Converting back to arrow?

If saving the duckdb output as a variable in memory, it is good practice to use to_arrow() to convert the duckdb output back to an arrow object after the computation has been completed.

While still orders of magnitude smaller than loading the data in as a csv, storing the data as a duckdb object does occupy more memory than an arrow object.

object.size(data)

504 bytes

data_duckdb <- data %>% to_duckdb()
object.size(data_duckdb)

40824 bytes

2.2 Use Parallel Processing when Appropriate

The main area I used parallel process here (where the option was not already built in as a function argument) was in spam and stop word removal. Stop word removal is not dependent on the contents of any other post, so this is straightforward, our current spam removal function, limpiar_spam_grams, is based on word-gram frequency across posts and so we need to be careful with how we change our parameters based on how we split our data across cores.

Removing spam is a particularly slow process, and I found the fastest way to do it was to only load small sections of my data into memory at a time and process that small section in parallel before loading in and processing the next section. I suspect this is dependent on data size and is not necessary for smaller datasets.
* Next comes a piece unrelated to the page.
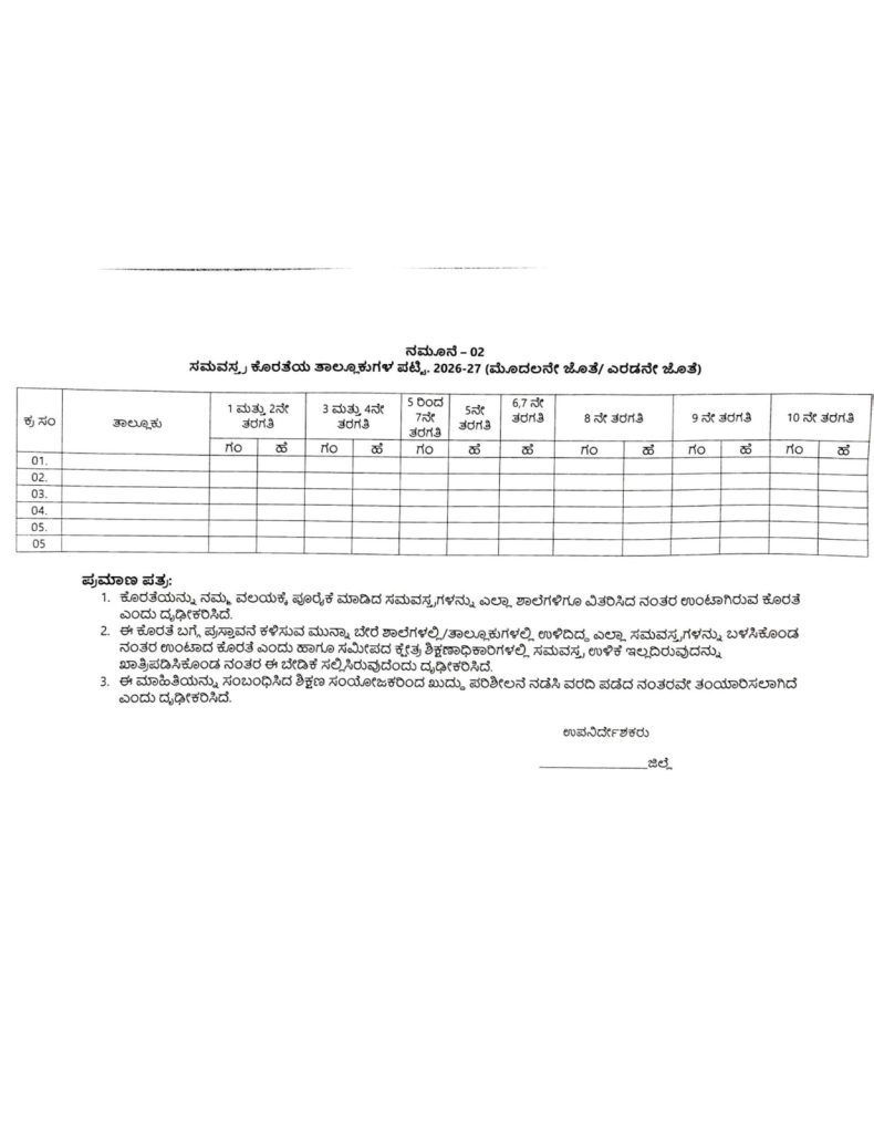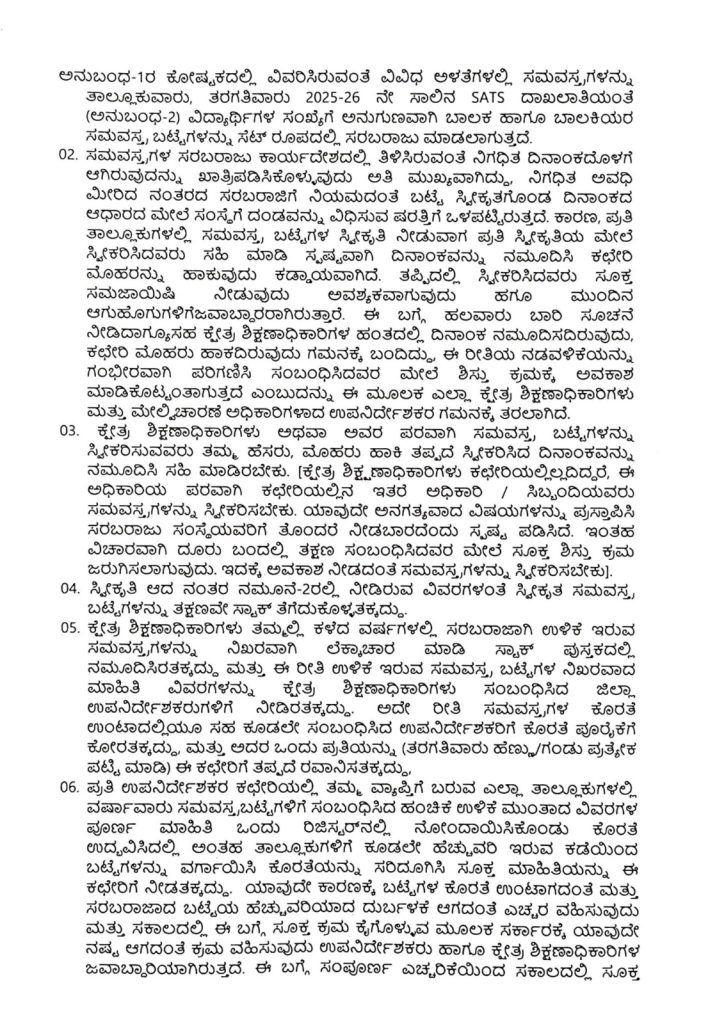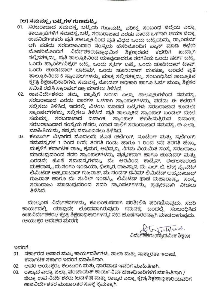 2025-26ನೇ ಸಾಲಿನ SATS (Student Achievement Tracking System) ದಾಖಲಾತಿಯ ಆಧಾರದ ಮೇಲೆ ಸಮವಸ್ತ್ರಗಳ ಪ್ರಮಾಣವನ್ನು ನಿಗದಿಪಡಿಸಲಾಗಿದೆ. ಶಾಲೆಗಳಿಗೆ ಸಮವಸ್ತ್ರ ತಲುಪಿದ ತಕ್ಷಣ ಮುಖ್ಯೋಪಾಧ್ಯಾಯರು ಮಕ್ಕಳಿಗೆ ವಿತರಿಸಿ, ಪೋಷಕರಿಂದ ಸ್ವೀಕೃತಿ ಪತ್ರ ಪಡೆದು ಮೂರು ದಿನದೊಳಗೆ ಇಲಾಖೆಗೆ ವರದಿ ಸಲ್ಲಿಸಬೇಕಿದೆ.

First plan the parallel sessions

used_cores <- as.numeric(future::availableCores() - 1)
future::plan(future::multisession, workers = used_cores)

Set the number of groups you want to pull from the data and add a rowid column to the data so we can track this. I am numbering the data according to created time so that any spam posts that might be released for a similar event is loaded in together.
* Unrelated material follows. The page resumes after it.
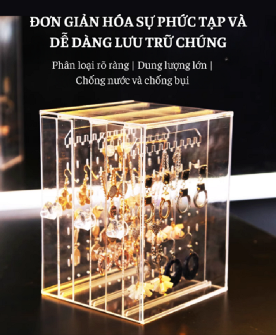 Hộp đựng trang sức, khuyên tai mica trong suốt dễ quan sát

n_retrievals <- 4 # number of groups to pull from database
split_length <- ceiling((data %>% nrow())/n_retrievals)

data <- data %>%
  arrange(created_time) %>%
  to_duckdb() %>%
  mutate(rowid = row_number()) %>%
  to_arrow()

We can now loop through the data, performing spam grams on smaller sections of the dataset.

spam_grams <- list()
spam <- list()

for (i in 1:n_retrievals){
  
  print(i) # track progress
  
  # load in section of data
  df_section <- data %>% 
    filter(rowid > (i-1)*split_length + 1, rowid <= i*split_length) 
  
  # split loaded data according to planned cores
  df_group <- df_section %>%
    collect() %>%
    mutate(split_group = rep(1:used_cores, 
                           each = ceiling(nrow(.)/used_cores), 
                           length.out = nrow(.))) %>%
  dplyr::group_split(split_group)
    
  # perform spam_grams
  spam_grams <- df_group %>%
    furrr::future_map(~LimpiaR::limpiar_spam_grams(
      .x, 
      message_clean, 
      n_gram = 6, 
      min_freq = 5
      ),
      .options = furrr::furrr_options(seed = T)
      )
  
  spam <- c(spam, spam_grams)
  
}

I did not find it necessary to only load small sections of the data in when removing stop words, this could be performed as normal, by splitting the full dataset according to available cores and using future_map to remove stop words in each section.

3 Data Processing

3.1 Data Cleaning

Data cleaning can be handled very close to standard:

For very large datasets, spam removal can be done according to the parallel processing section.
We only need to clean the data for pos tagging for now, consider removing hashtags and emojis but not punctuation or any formatting that might help the model tag words.
Unless you want it for partiuclar cleaning steps, stop word removal and any other text formatting you wish to perform can be done later, this is because we are splitting the the posts into sentences for the pos tagging anyway.

4 Parts of speech tagging

After briefly looking at some alternative models on huggingface, I decided to go with the tried and tested udpipe model available via udpipe or our own LimpiaR package. It is entirely up to you which package you choose to use but do note that some of the column names have been changed in our LimpiaR functions from the udpipe source.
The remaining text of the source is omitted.